I'm waiting on a call back from Sherwin Williams. I will only use something they say is compatible. I'd hate to have it orange peel or something and have to redo it haha. My non skid is a lighter gray.


----------



## bob_esper (Jun 3, 2021)

Got her up on the trailer and got the console 95% finished. Just gotta add my tach when it gets here.


----------



## Mike Haydon (Dec 19, 2019)

bob_esper said:


> Got the console shrunk up a little, brace added and rod holders and tubes installed.
> View attachment 183807
> View attachment 183808
> View attachment 183809


I think the first fishing partner should have to ride in the boat on the office chair! Looks like fun! Lol


----------



## bob_esper (Jun 3, 2021)

Mike Haydon said:


> I think the first fishing partner should have to ride in the boat on the office chair! Looks like fun! Lol


I don't think he'd appreciate that. . .


----------



## Elusive Porpi (Jan 24, 2018)

bob_esper said:


> I don't think he'd appreciate that. . .
> View attachment 184414
> 
> 
> View attachment 184415


3 years..............Amazon sure is slow nowadays........lol


----------



## devrep (Feb 22, 2009)

that looks great. I wouldn't even paint it.


----------



## bob_esper (Jun 3, 2021)

devrep said:


> that looks great. I wouldn't even paint it.

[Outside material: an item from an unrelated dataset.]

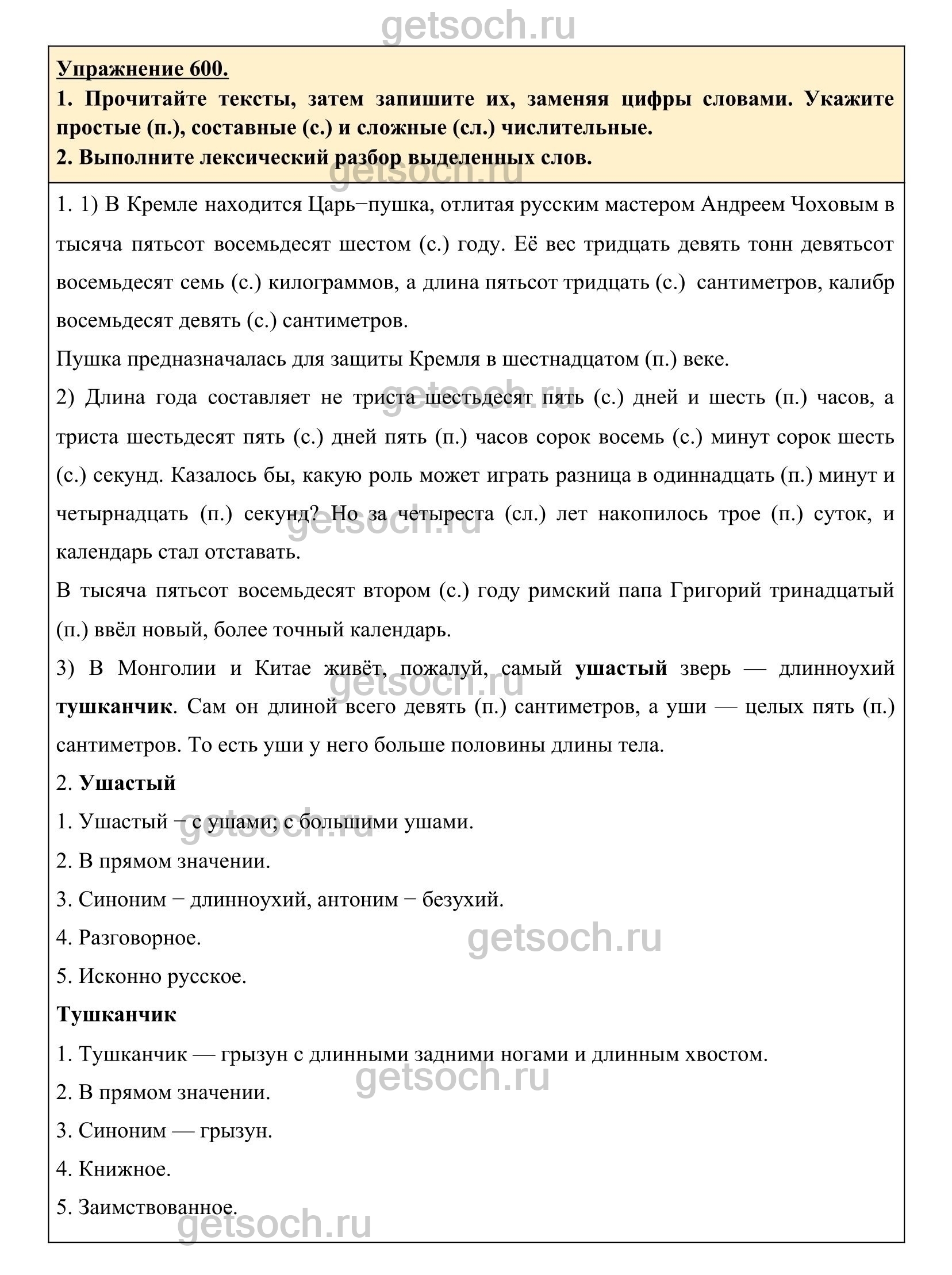 Рассмотрим ответы на Упражнение 600 из учебника по русскому языку для 6 класса Разумовской

I'm going to paint the conosle this evening i think. it's gonna be my test piece basically. If it turns out well I will go ahead and shoot the rest this weekend. If it doesn't turn out as well as I'd like then I may just acid wash the boat and nonskid the top.
Painted boats generally just look more "completed", although I am partial to how my jet looks with the bare aluminum.


----------



## bob_esper (Jun 3, 2021)

Got my console painted up yesterday. Actually turned out quite good. I'm sure it's not show quality, but looks like someone who knew what they were doing painted it lol. Hopefully it wasn't beginners luck. I was hoping to get either a low gloss version of my paint to do the sides with or a flattening agent. Doesn't look like that's gonna happen now since everyone is having shortages. So all glossy it is now.


----------



## Elusive Porpi (Jan 24, 2018)

Looks good!! Gloss it up!


----------



## JFScotty (Sep 27, 2021)

Looks great!


----------



## bob_esper (Jun 3, 2021)

Well, After the acid bath she's ready to get some paint sprayed tomorrow. Picture doesn't show it, but she's hanging from the rafters in the back, going to pick up the front with the cherry picker once i build something that won't get in the way of painting that way i can pull the saw horses out while spraying.







.


----------



## bob_esper (Jun 3, 2021)

Well that’s a wrap on the painting.


----------



## Elusive Porpi (Jan 24, 2018)

Looks great!!!!!


----------



## Marshdweller08 (Aug 1, 2018)

Looks great! Man, you're bust'n ass on this build. Nice work!


----------



## bob_esper (Jun 3, 2021)

Not done much in last couple of days while waiting for paint to cure. Got it out on the trailer and my boy wanted his picture with it. It’s “his” boat. Just like my other 2 lol.


----------



## fishnpreacher (Jul 28, 2018)

Loving it.....and the Capt. is precious!


----------



## Skinnee (Oct 5, 2021)

bob_esper said:


> Figured I'd start a build thread for my skiff.
> 
> I live in middle TN and started fly fishing our local rivers for trout a few years ago. 2 years ago I built a 1760 jet boat with UHMW to run our little rivers to get away from the wading crowds. Me and a buddy threw a poling platform on my jet last fall and bought a "cheap" superstick pole and drug the boat down to Hopedale LA last fall after the bull reds. We had a blast but after making the 20+ mile runs in my flat bottom jet with a tiller going 25mph I decided that next year i would be dragging a much more marsh friendly boat down there.
> View attachment 177581
> ...


That is really cool. Nice work.


----------



## bob_esper (Jun 3, 2021)

fishnpreacher said:


> Loving it.....and the Capt. is precious!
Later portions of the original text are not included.